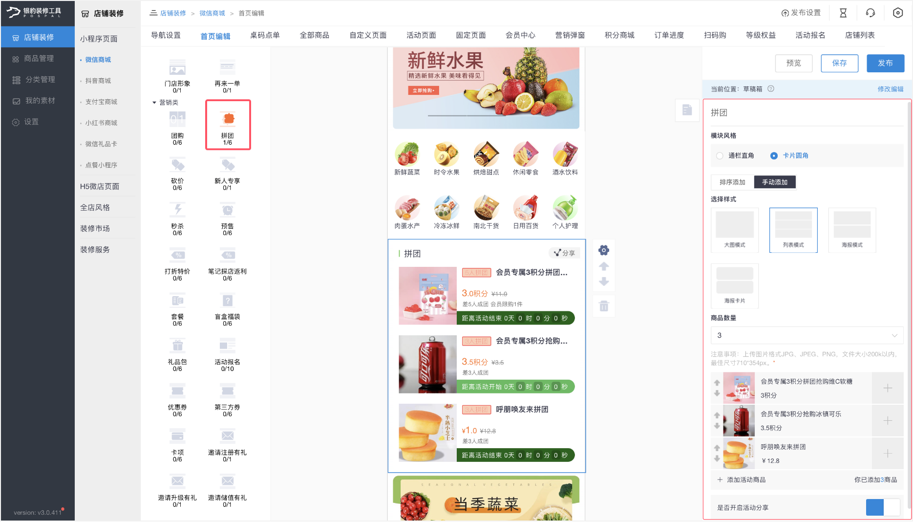 进入「首页编辑」页面,添加「拼团」模块后,在右侧可按需设置模块风格(如通栏直角 / 卡片圆角)、选择样式(如大图 / 列表 / 海报模式)、调整展示商品数量,同时可开启活动分享功能。
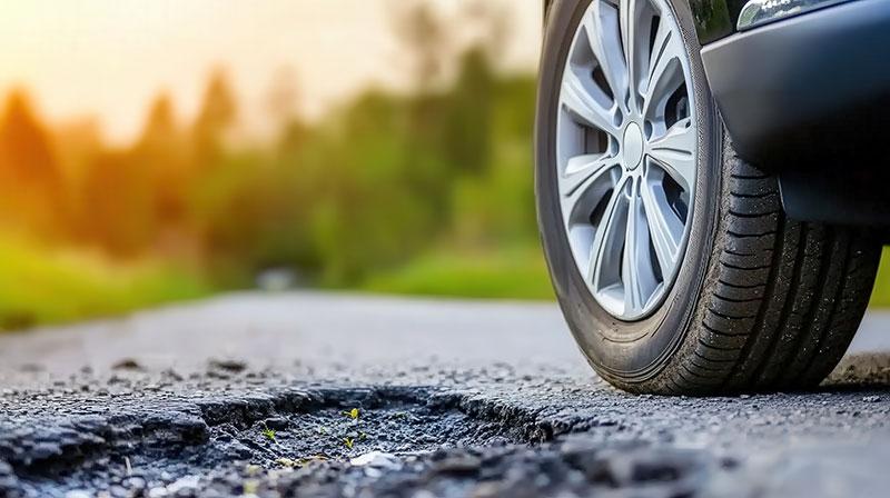 Low-profile tires are especially vulnerable. A pothole can cause sidewall bulges, internal belt separation, or bent alloy rims that create vibration at highway speeds.
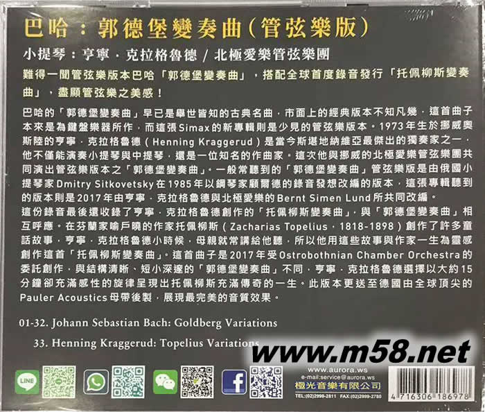 巴赫 哥德堡變奏曲GOLDBERG (管弦樂版)(m58.net) 巴哈的「郭德堡變奏曲」早已是舉世皆知的古典名曲,市面上的經典版本不知凡幾,這首曲子本來是為鍵盤樂器所作,而這張Simax的新專輯則是少見的管弦樂版本。1973年生於挪威奧斯陸的亨寧.克拉格魯德(Henning Kraggerud)是當今斯堪地納維亞最杰出的獨奏家之一,他不僅能演奏小提琴與中提琴,還是一位知名的作曲家。這次他與挪威的北極愛樂管弦樂團共同演出管弦樂版本之「郭德堡變奏曲」。一般常聽到的「郭德堡變奏曲」管弦樂版是由俄國小提琴家Dmitry Sitkovetsky在1985年以鋼琴家顧爾德的錄音發想改編的版本,這張專輯聽到的版本則是2017年由亨寧.克拉格魯德與北極愛樂的Bernt Simen Lund所共同改編。 這份錄音最后還收錄了亨寧.克拉格魯德創作的「托佩柳斯變奏曲」,與「郭德堡變奏曲」相互呼應。在芬蘭家喻戶曉的作家托佩柳斯(Zacharias Topelius,1818-1898)創作了許多童話故事,亨寧.克拉格魯德小時候,母親就常講給他聽,所以他用這些故事與作家一生為靈感創作這首「托佩柳斯變奏曲」。這首曲子是2017年受Ostrobothnian Chamber Orchestra的委託創作,與結構清晰、短小深邃的「郭德堡變奏曲」不同,亨寧.克拉格魯德選擇以大約15分鐘卻充滿感性的旋律呈現出托佩柳斯充滿傳奇的一生。此版本更送至德國由全球頂尖的Pauler Acoustics母帶后製,展現最完美的音質效果。
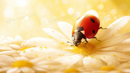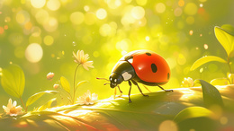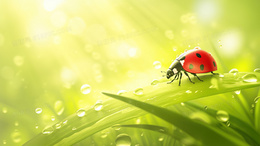 膨胀风简约惊蛰绿色花朵七星瓢虫背景
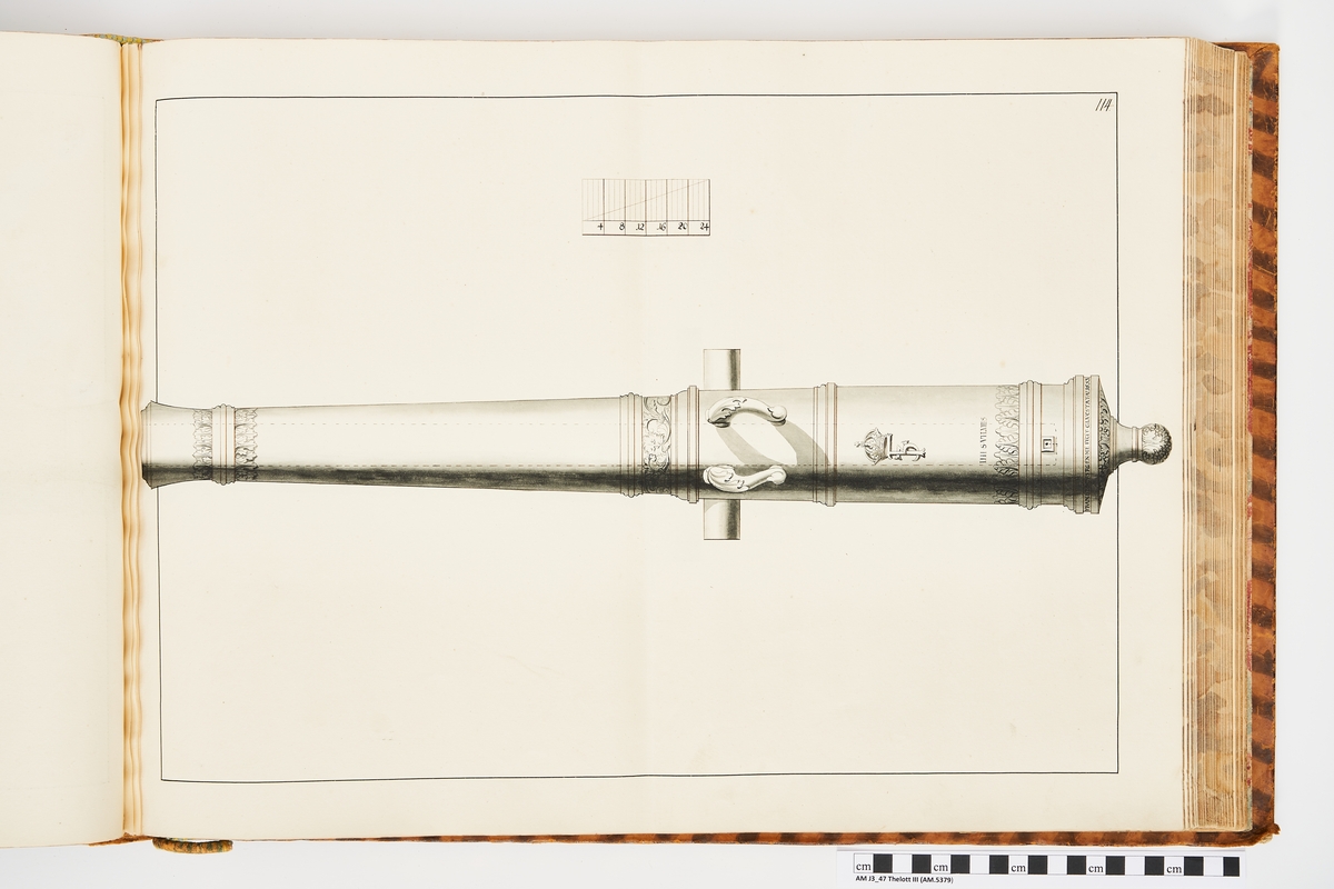 Avbildning föreställande dansk trofé med Frederik III:s vapen. Ingår i volym med avbildade äldre svenska eldrör förvarade på fästningar samt eldrör erövrade åren 1598-1679.

:::

Please return the listing above exactly and leave every picture out.

 进入「首页编辑」页面,添加「拼团」模块后,在右侧可按需设置模块风格(如通栏直角 / 卡片圆角)、选择样式(如大图 / 列表 / 海报模式)、调整展示商品数量,同时可开启活动分享功能。
 Low-profile tires are especially vulnerable. A pothole can cause sidewall bulges, internal belt separation, or bent alloy rims that create vibration at highway speeds.
 巴赫 哥德堡變奏曲GOLDBERG (管弦樂版)(m58.net) 巴哈的「郭德堡變奏曲」早已是舉世皆知的古典名曲,市面上的經典版本不知凡幾,這首曲子本來是為鍵盤樂器所作,而這張Simax的新專輯則是少見的管弦樂版本。1973年生於挪威奧斯陸的亨寧.克拉格魯德(Henning Kraggerud)是當今斯堪地納維亞最杰出的獨奏家之一,他不僅能演奏小提琴與中提琴,還是一位知名的作曲家。這次他與挪威的北極愛樂管弦樂團共同演出管弦樂版本之「郭德堡變奏曲」。一般常聽到的「郭德堡變奏曲」管弦樂版是由俄國小提琴家Dmitry Sitkovetsky在1985年以鋼琴家顧爾德的錄音發想改編的版本,這張專輯聽到的版本則是2017年由亨寧.克拉格魯德與北極愛樂的Bernt Simen Lund所共同改編。 這份錄音最后還收錄了亨寧.克拉格魯德創作的「托佩柳斯變奏曲」,與「郭德堡變奏曲」相互呼應。在芬蘭家喻戶曉的作家托佩柳斯(Zacharias Topelius,1818-1898)創作了許多童話故事,亨寧.克拉格魯德小時候,母親就常講給他聽,所以他用這些故事與作家一生為靈感創作這首「托佩柳斯變奏曲」。這首曲子是2017年受Ostrobothnian Chamber Orchestra的委託創作,與結構清晰、短小深邃的「郭德堡變奏曲」不同,亨寧.克拉格魯德選擇以大約15分鐘卻充滿感性的旋律呈現出托佩柳斯充滿傳奇的一生。此版本更送至德國由全球頂尖的Pauler Acoustics母帶后製,展現最完美的音質效果。
 膨胀风简约惊蛰绿色花朵七星瓢虫背景
 Avbildning föreställande dansk trofé med Frederik III:s vapen. Ingår i volym med avbildade äldre svenska eldrör förvarade på fästningar samt eldrör erövrade åren 1598-1679.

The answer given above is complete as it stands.